La colère a redoublé depuis la mort de George Floyd. Dimanche, c’est la statue d’Edward Colston, marchand d’esclaves de la fin du 17e siècle qui a financé de nombreuses institutions de Bristol, dans le sud-ouest de l’Angleterre, qui est tombée de son piédestal, et a été jetée à l’eau par des manifestants.

Dans un message vidéo, le premier ministre Boris Johnson a dit « comprendre » les manifestants, la mort de George Floyd ayant « réveillé une colère et un sentiment indéniable d’injustice », tout en condamnant les attaques envers la police et les actes de vandalisme.

 

Ce combat fait des émules ailleurs aussi au Royaume-Uni. À Londres, dans le quartier des Docklands, près des gratte-ciel du quartier d’affaires Canary Wharf, la statue du marchand esclavagiste Robert Milligan (17e-18e siècle) a été enlevée au moyen d’un engin de chantier sous des applaudissements, selon une vidéo publiée sur Twitter par le conseil de Tower Hamlets.

Au Pays de Galles, des campagnes ont été lancées contre les monuments rendant hommage à un général de l’armée britannique qui avait combattu lors des guerres napoléoniennes, Thomas Picton, tristement célèbre pour son traitement des esclaves dans les Caraïbes.

À Édimbourg, en Écosse, la statue de l’homme politique Henry Dundas, qui a œuvré pour retarder l’abolition de l’esclavage, pose question.

Comme à Oxford, des élus locaux de Cardiff et Édimbourg se sont prononcés en faveur du retrait de ces monuments.

Pour le maire travailliste de Londres, Sadiq Khan, les manifestants ont mis en lumière le manque de diversité dans l’espace public. « Nos statues, les noms de nos routes et de nos espaces publics reflètent une époque révolue […], ça ne peut plus continuer », a-t-il déclaré dans un communiqué, annonçant la création d’une commission pour y remédier.

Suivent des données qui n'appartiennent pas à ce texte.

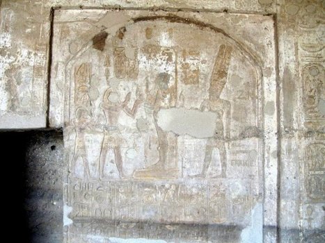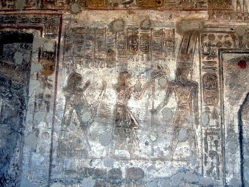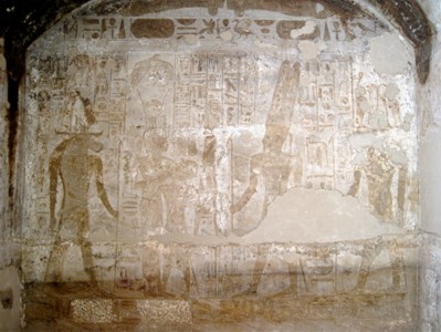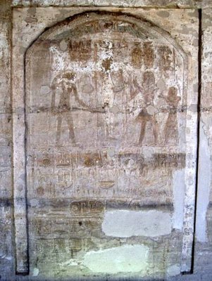 (PM 5) Diese Szene  über der Nische zeigt den Aufseher des Tempels Ramses III. in Medinet Habu namens Pairi, der in anbetender Haltung vor den Göttern Amun-Re, Sobek und Bastet steht.
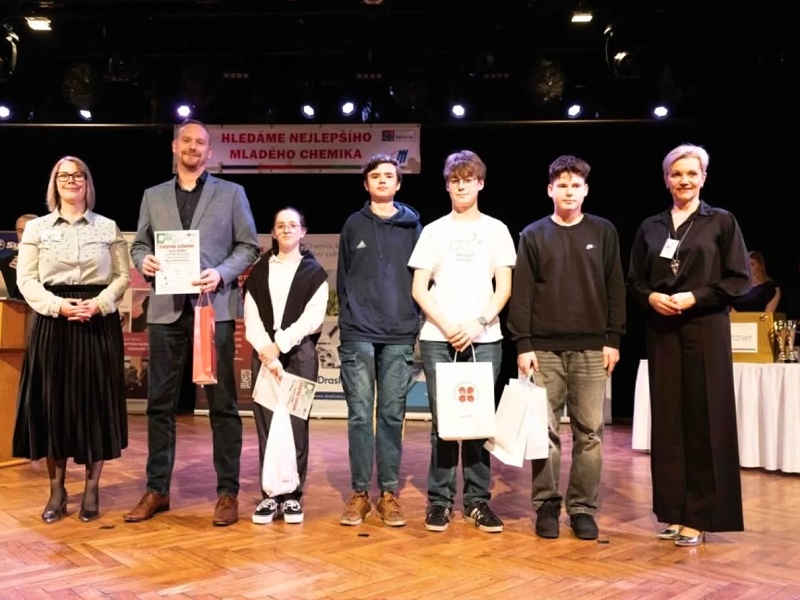 chemik - finálePět osmáků pod vedením p. uč. Nováka se ve čtvrtek 19. 2. vydalo do Pardubic na finále soutěže Mladý chemik. Obhajovali tam svůj projekt na téma Voňavá chemie.
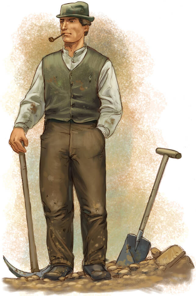 Je n’ai plus rien à manger, il va falloir que j’aille m’acheter des denrées. Encore une fois, ma paie va presque y passer. Je m’appelle Thomas Garceau et je travaille sur le chantier de construction du canal de Lachine, alors j’achète ma nourriture en ville, au marché ou dans les magasins. En ville, ce n’est pas comme à la campagne, je n’élève pas d’animaux et je ne cultive pas une terre.
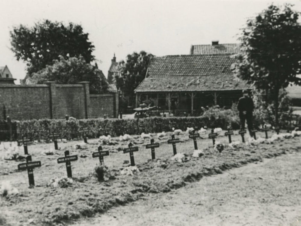 Foto Duitse begraafplaats. Tekst achterop; "Mei 1940...
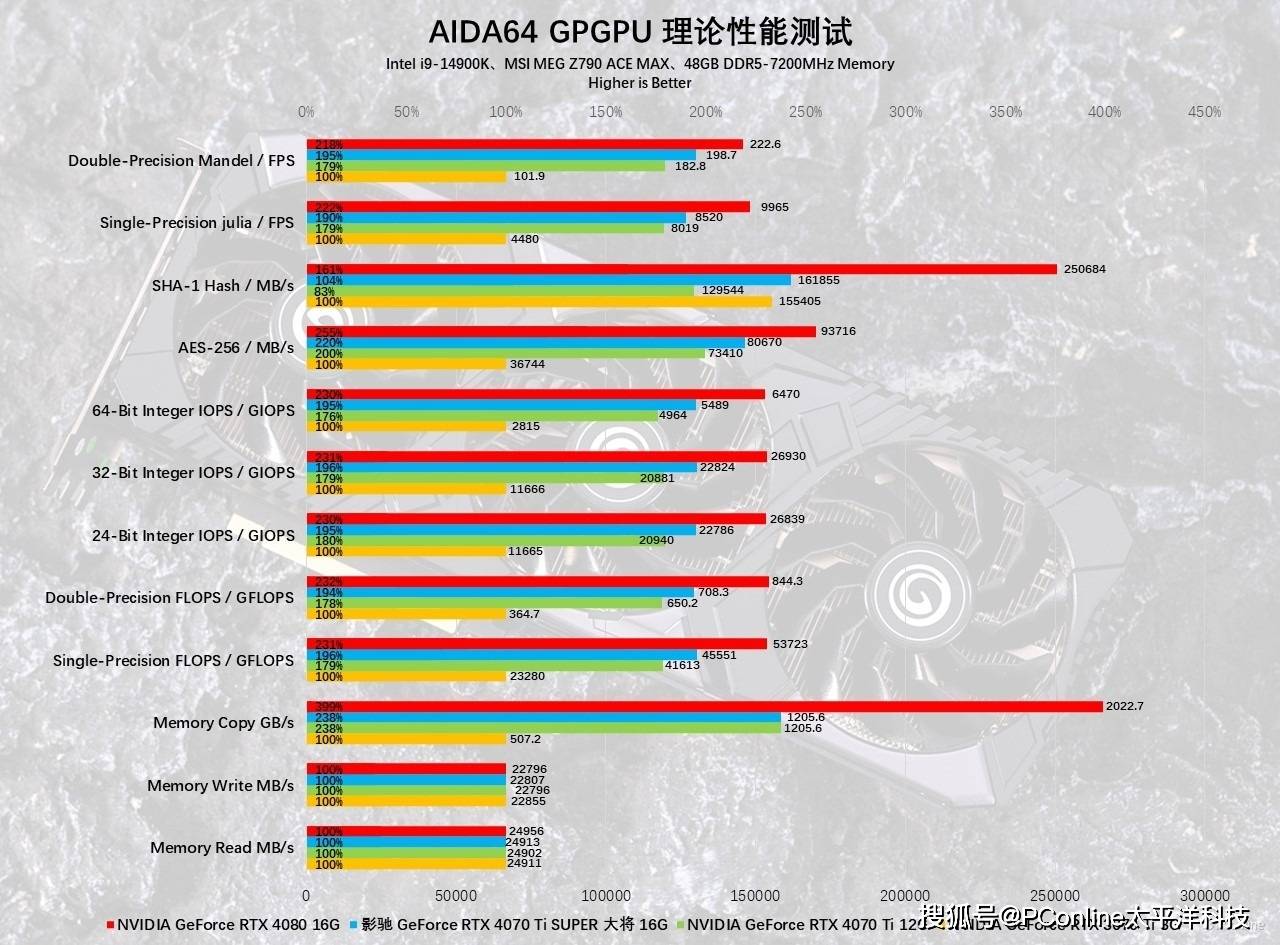 科学计算方面,影驰RTX 4070 Ti SUPER大将同样展现了新显卡的超强实力,其单精度和双精度浮点运算基本是前代的90%以上,几乎是翻倍的表现,整体性能领先更是超过2倍的提升,真的相当惊人,不过距离RTX 4080则还有不小的距离。
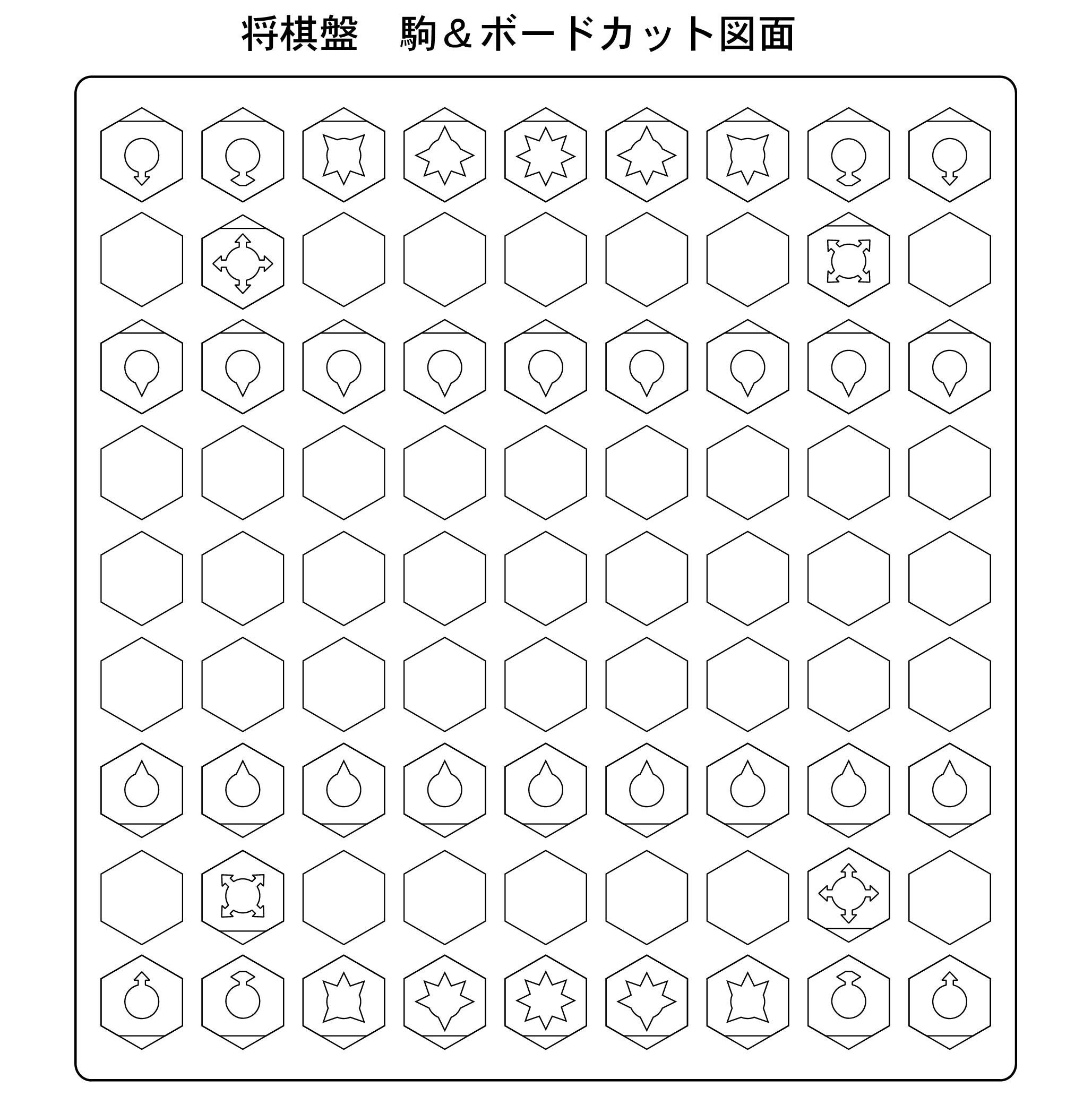 そこで駒の大きさを統一して六角形にし後ろ部分にスリットを入れることで敵味方の区別がつくようになります。文字の代わりの動ける方向をアイコン化して彫刻すれば手触りで駒の種類も判別できるようになります。これなら漢字を読めない外国の人もプレーができるようになります。
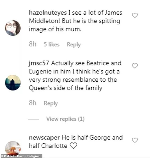 “我看到了詹姆斯·米德尔顿(凯特弟弟)的影子!但他和妈妈简直就是复制粘贴。”
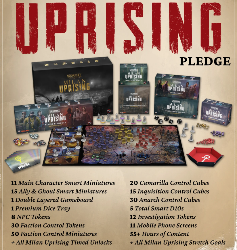 Vampire: The Masquerade - Milan Uprising All-In Upising + Teburu Pledge + Stretch Goals + GF Exclusives Englisch, Deutsch, Französisch, Italienisch, Spanisch
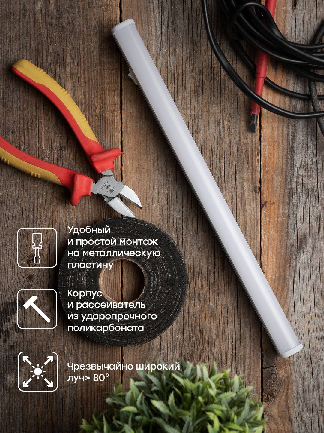 Линейный светодиодный светильник ДБОВ-7101 может быть и отдельным источником света, и частью системы освещения. Благодаря шлейфовому соединению вы можете устанавливать до 20 светильников в линию. Модель сделана из УВ-стабилизированного поликарбоната, устойчивого к химическому воздействию. Серия светильников с выключателем обладает высокими индексом цветопередачи — не менее 80 Ra.
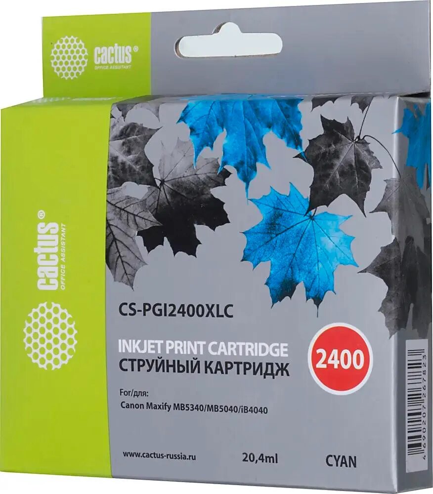 Cartridge ink Cactus CS-PGI2400XLC cyan (20.4ml) for Canon MAXIFY iB4040/ МВ5040/ МВ5340
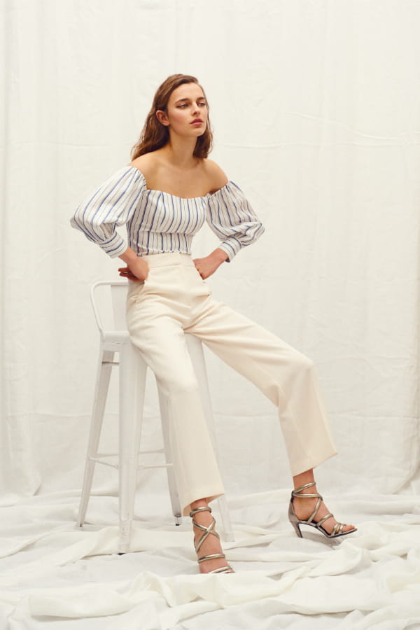 Jean blanc légèrement évasé et top tombant sur les épaules rayé de Claudie Pierlot

Dans la capitale, la statue de l’ancien premier ministre conservateur et héros de la Seconde Guerre mondiale Winston Churchill, dont divers propos sur les questions raciales avaient suscité la controverse, a été prise pour cible durant le week-end.

Le cas belge

Ces soulèvements ont également trouvé un écho en Belgique, où ont été ravivées les violences de la colonisation du Congo et la responsabilité du roi Léopold II.

Mardi à Anvers, une de ces statues a été retirée d’un square pour être transportée dans les réserves du Musée Middelheim, où son état doit être « examiné », selon le musée anversois.

Elle restera « probablement » dans les collections de l’établissement, connu pour ses sculptures en plein air, a affirmé pour sa part Johan Vermant, porte-parole du maire de la cité portuaire Bart De Wever.

La statue du roi avec sa longue barbe et sa veste à épaulettes a été vandalisée la semaine dernière, comme plusieurs autres à travers le pays. Elle a été partiellement incendiée et recouverte de peinture rouge, couleur symbolisant le sang versé par les Congolais.

Surnommé « le roi bâtisseur », celui qui a régné de 1865 à 1909 est « un héros pour certains, mais aussi un bourreau ». « Il a tué plus de 10 millions de Congolais », a accusé le groupe « Réparons l’Histoire », dont la pétition concernant les statues de Bruxelles avait recueilli mardi plus de 64 000 signatures.